→ Task prompt: Any pictures in the records below must be left out when you repeat the lines from the line containing "正品高货网红款复古文艺翻毛皮平底短靴女2025新款百搭圆头堆堆套" through the line containing "- ・2026年 第1期 は、1月4日(日)~3月29日(日)です。" exactly.

→ Input records:
▼

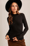Mocha Lettuce Edge Mock Neck Long Sleeve Rib Top
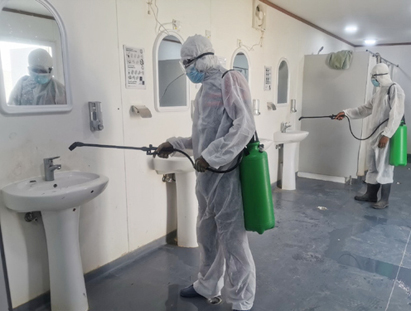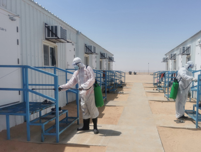 疫情发生以来,沙特哈拉德项目经理部按照集团江南(中国)、江南(中国)的统一部署,第一时间制定并不断修订完善《项目新冠肺炎疫情防控应急预案》,利用QQ群、微信群、线上教育、张贴宣传画等形式,将防疫知识宣传到全体员工,提高全员防疫意识,确保“一米线”和“戴口罩”人人皆知。同时采用给中外员工发放口罩、每日早晚两次体温测量全覆盖;对主办公室进行封闭管理、错峰乘车、错峰就餐;减少项目人员流动、营地封闭管理、业余时间禁止外出;取消堂食、关闭祈祷室、娱乐室、健身房;对营地超市进行限员入内;对现场办公区、休息棚、厕所、通勤车、营地宿舍、餐厅、公共洗浴间进行每日两次的全面消杀;每日全员在“化学海外”上报身体状况;全体中国员工签订承诺书;严控外籍人员私自外出、流动去大城市等举措,充分把握疫情防控主动权,全力推进项目建设。
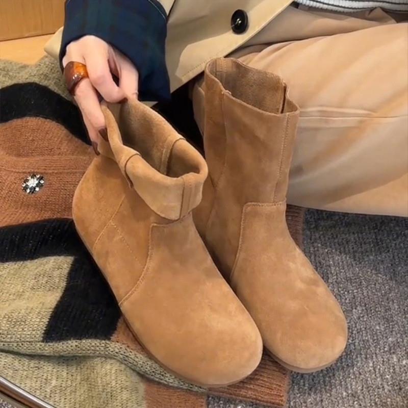 正品高货网红款复古文艺翻毛皮平底短靴女2025新款百搭圆头堆堆套
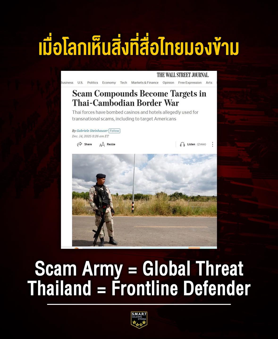 18 ธ.ค.2568 – เพจ SMART Soldiers Strong ARMY โพสต์เฟซบุ๊กในหัวข้อ “เมื่อโลกเห็นสิ่งที่สื่อไทยมองข้าม” ระบุว่า Scam Army = Global Threat, Thailand = Frontline Defender
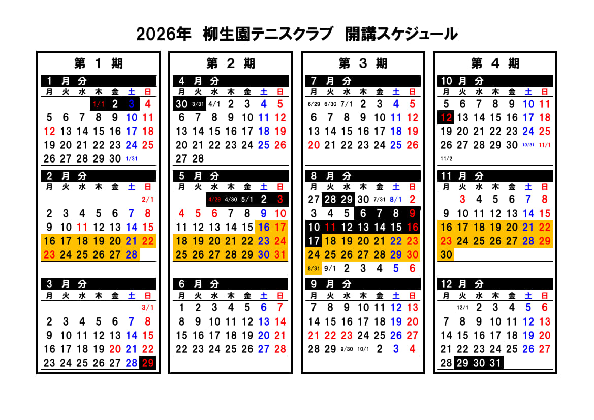 - ・2026年 第1期 は、1月4日(日)~3月29日(日)です。
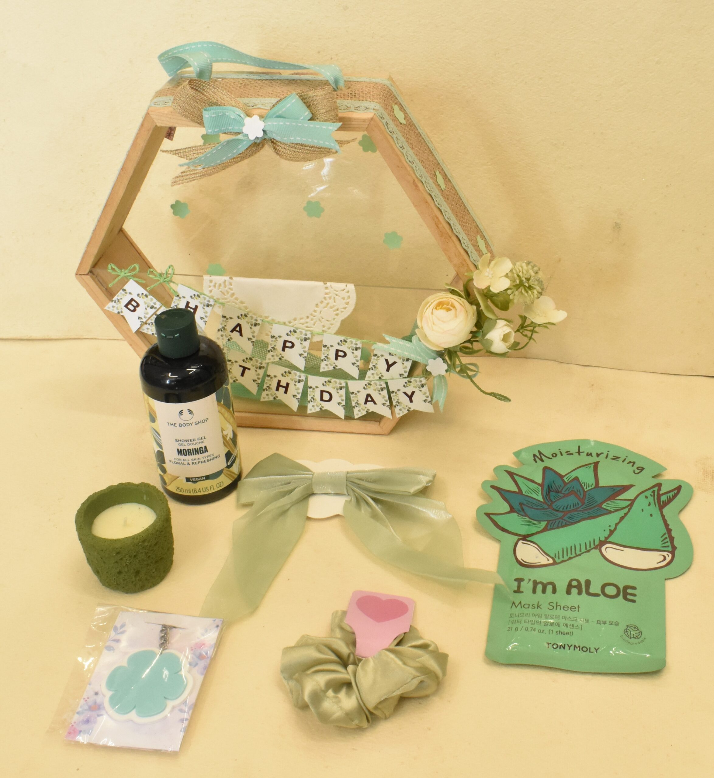 Thoughtfully put together, it includes a trendy bow hair clip, a soft scrunchie, a rejuvenating sheet mask, a premium shower gel from The Body Shop, and a fragrant candle to set the perfect relaxing vibe. Every element is chosen to create a calming, pampering experience—making it more than just a gift, but a moment of indulgence.

▲

→ Worked solution:
 正品高货网红款复古文艺翻毛皮平底短靴女2025新款百搭圆头堆堆套
 18 ธ.ค.2568 – เพจ SMART Soldiers Strong ARMY โพสต์เฟซบุ๊กในหัวข้อ “เมื่อโลกเห็นสิ่งที่สื่อไทยมองข้าม” ระบุว่า Scam Army = Global Threat, Thailand = Frontline Defender
 - ・2026年 第1期 は、1月4日(日)~3月29日(日)です。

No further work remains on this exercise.